Eonia® is based on overnight lending rates in the Eurozone. Banks are required to have a certain percentage of their deposits on hand to satisfy withdrawal demands, and sometimes banks fall short of their requirements because of daily fluctuations in deposit levels. To meet reserve requirements, banks often lend funds to each other overnight. These loans are unsecured, and they are repaid the next day. The lending bank profits from gaining interest on its excess reserves, and the borrowing bank meets regulations.

To calculate this rate, Euribor-EBF and the European Central Bank keep track of all of the unsecured overnight lending that occurs between the banks in the European Banking Federation. Eonia® is a weighted average of all of the loans of this type that occur in the Eurozone. Thus, it represents a benchmark rate for overnight loans between banks that are transacted in the euro.

Euribor-EBF was created concurrently with the introduction of the euro in 1999. It is an international nonprofit association that functions under Belgian law. National banking associations from the European Union’s member states comprise Euribor-EBF. To join, a national association must be based in a country that uses the euro.

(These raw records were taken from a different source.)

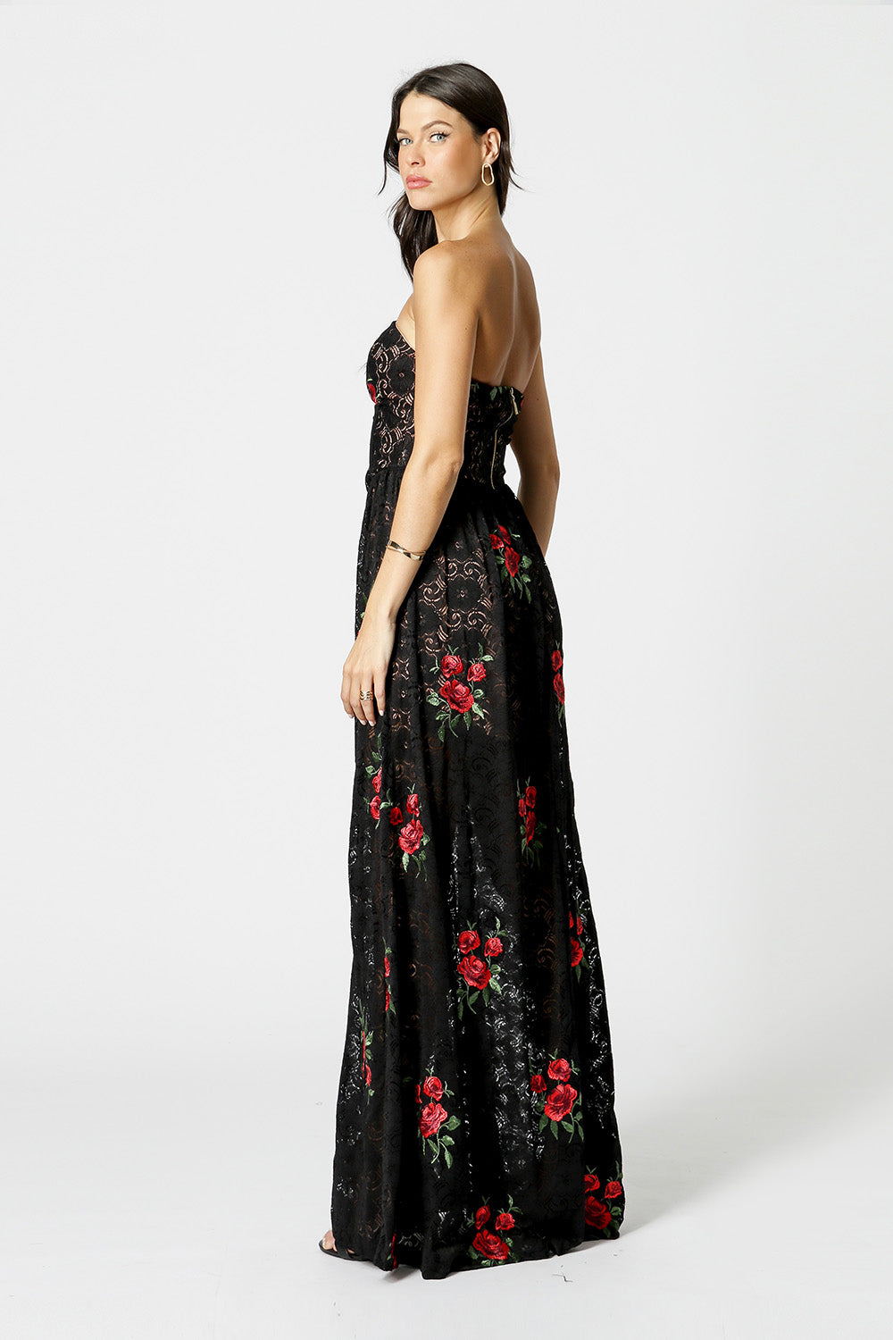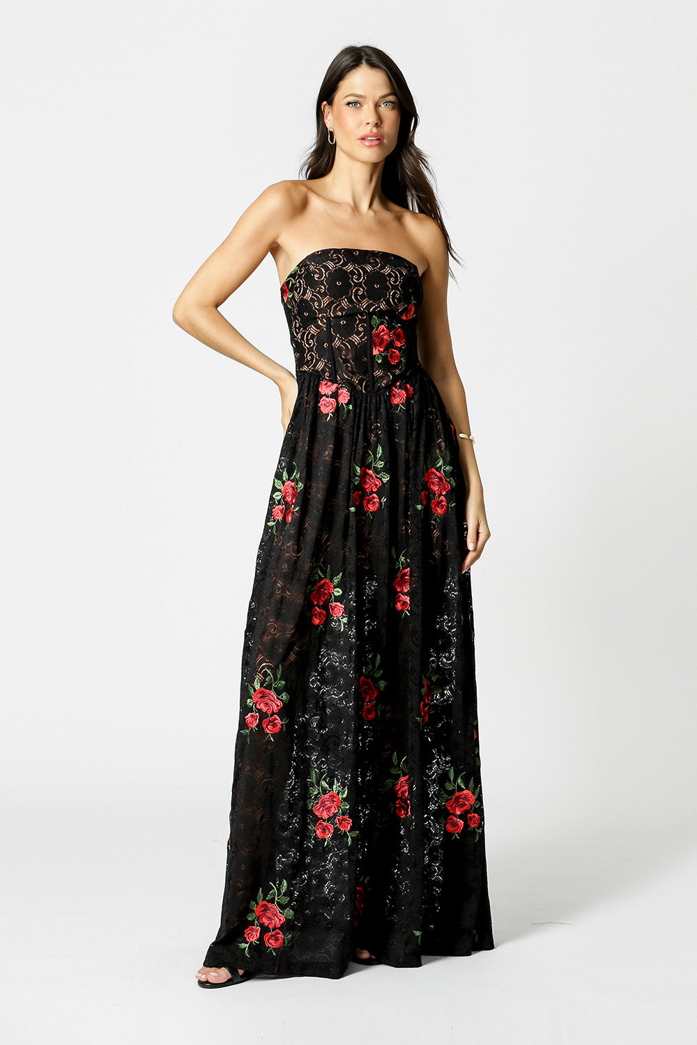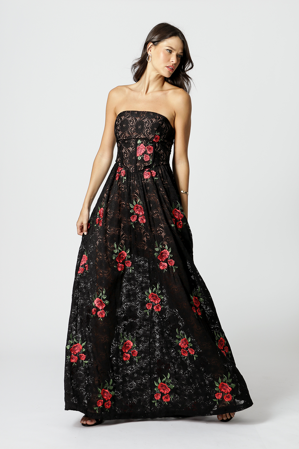 Vestido largo sin tirantes. Pieza confeccionada en tejido de encaje con forro a juego. Un modelo elegante y potente, perfecto para salir por la noche.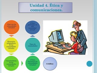El documento describe las características de las comunidades virtuales. Explica que son grupos de personas que comparten intereses u objetivos aunque no compartan un territorio físico, sino que interactúan a través de Internet. Para ser consideradas comunidades, deben tener sentido de pertenencia entre sus miembros, comunicación e influencia mutua, y una cultura compartida.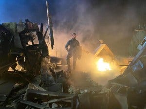 Butcher carries an unconscious MM out of the destroyed house, and Soldier Boy emerges out of the smoke.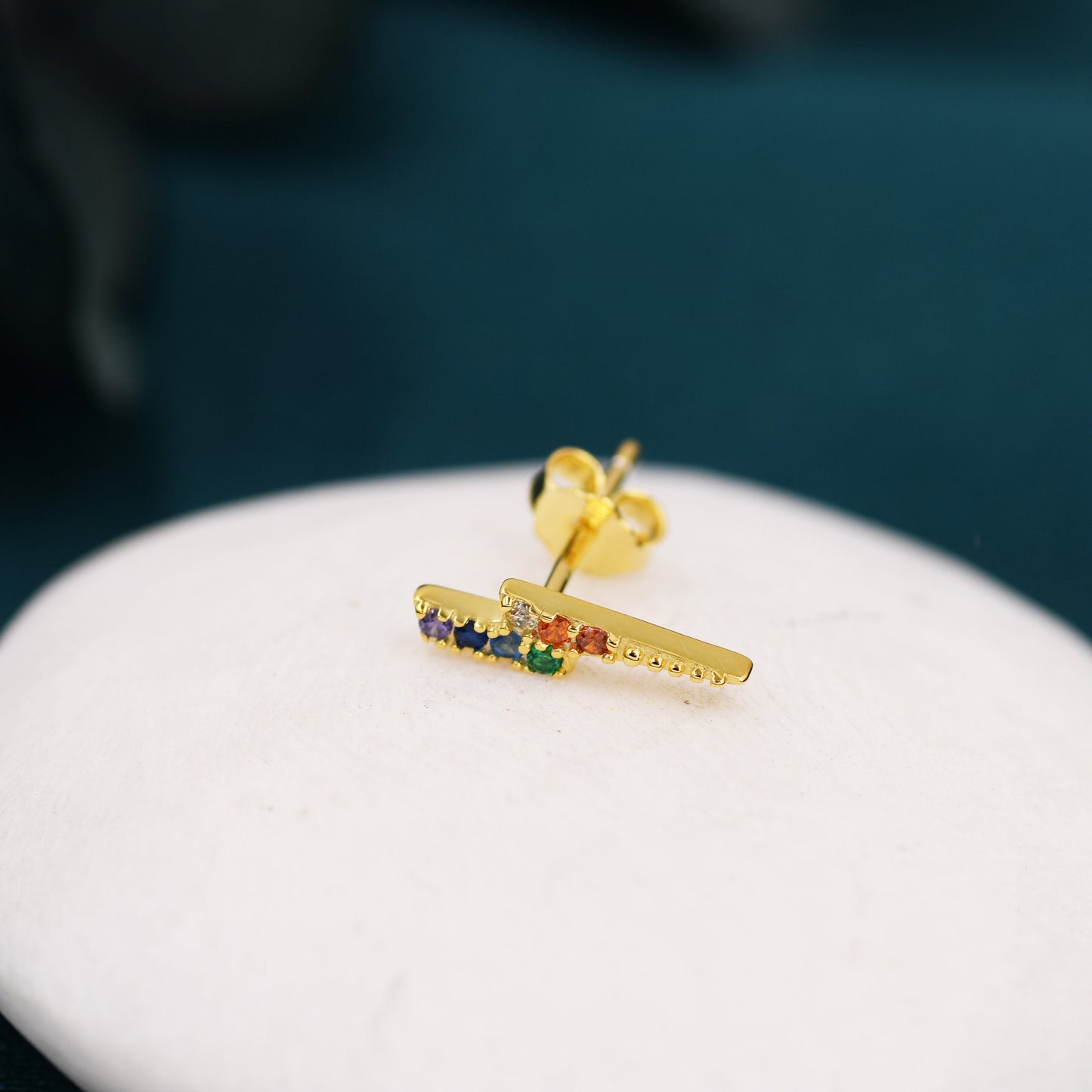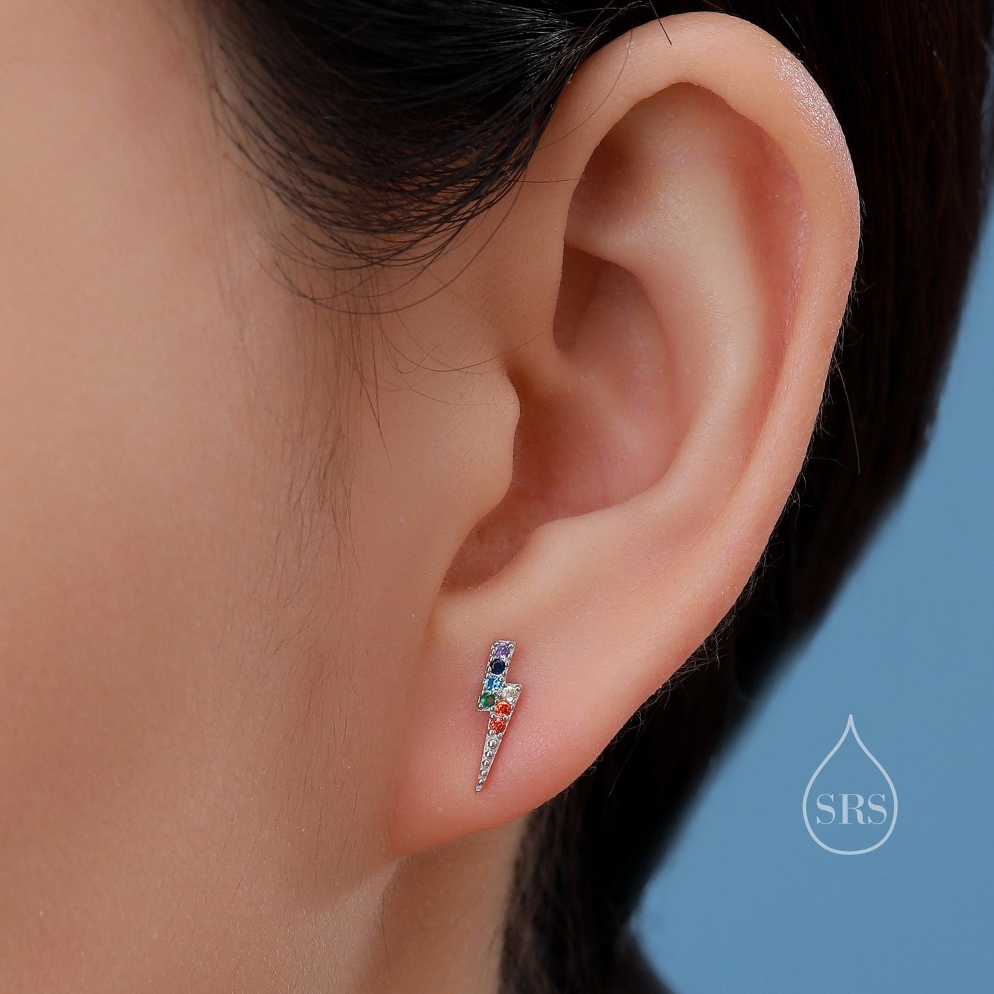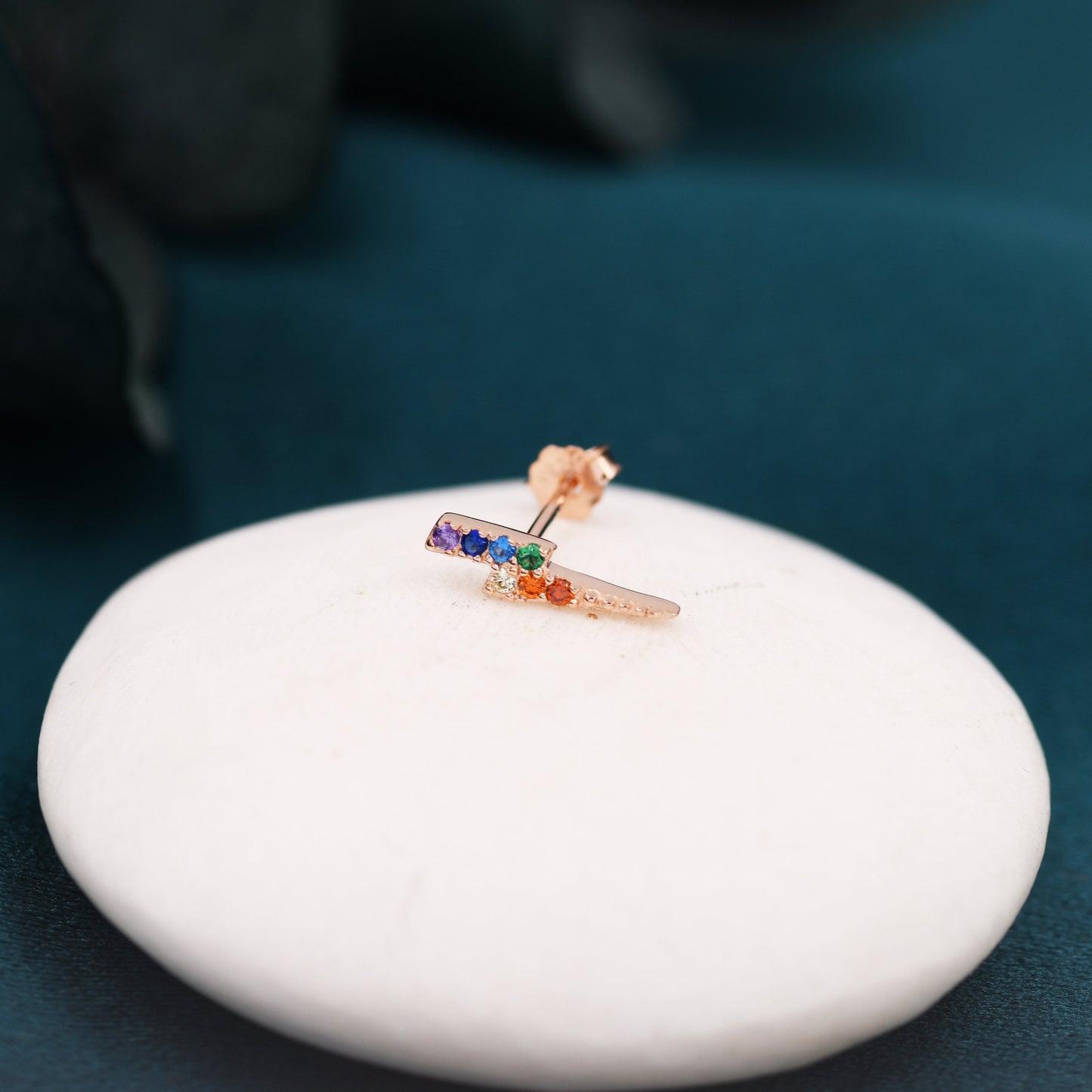 Rainbow Lightning Bolt Stud Earrings in Sterling Silver, Silver or Gold, Lightning Bolt Earrings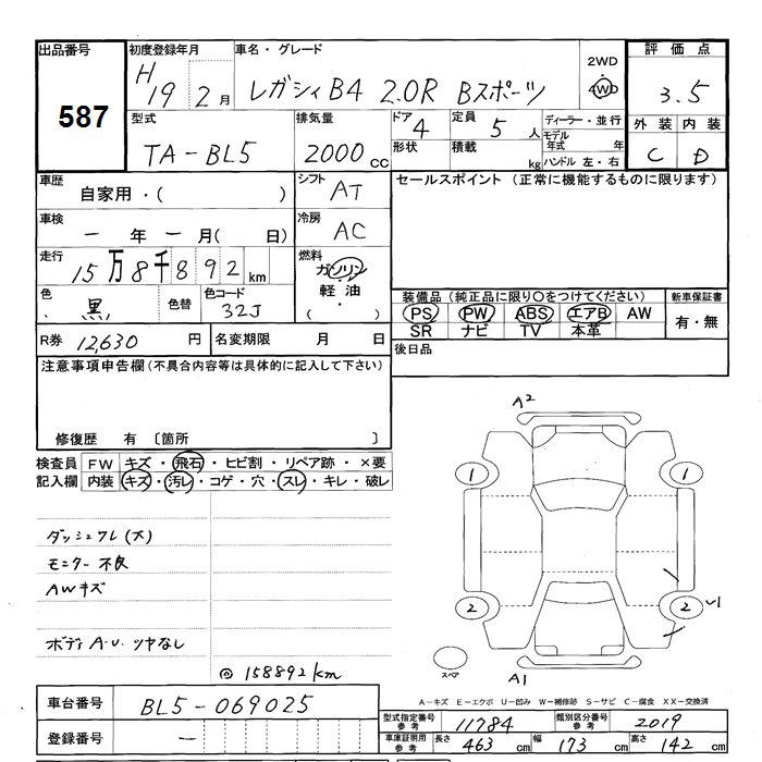 SUBARU LEGACY B4 - лот 587

The purpose of Euribor-EBF is to sponsor benchmark interest rates. It has four benchmarks. The first Eonia® rate was reported on 4 January 1999. The only guaranteed sources of accurate rates for benchmarks sponsored by Euribor-EBF are Reuters and the Euribor-EBF website.

Euribor-EBF sponsors three benchmark rates in addition to Eonia®. Euribor®, the Euro Interbank Offered Rate, is also based on unsecured loans between member banks, but Euribor® is not limited to overnight loans. Eurepo® is a benchmark for interbank lending that does require collateral. The borrowing bank must supply Euro-dominated General Collateral, of Eurepo® GC, to insure the loan.

The final benchmark sponsored by Euribor-ETF is called Eoniaswap®. To calculate this, Euribor-EBF collects estimates that are quoted by a select group of banks. These banks quote the interbank rate for Eonia® swaps; that is, interest rate swaps where the underlying interest rate is the Eonia® benchmark. The average of these quotes gives Eoniaswap®.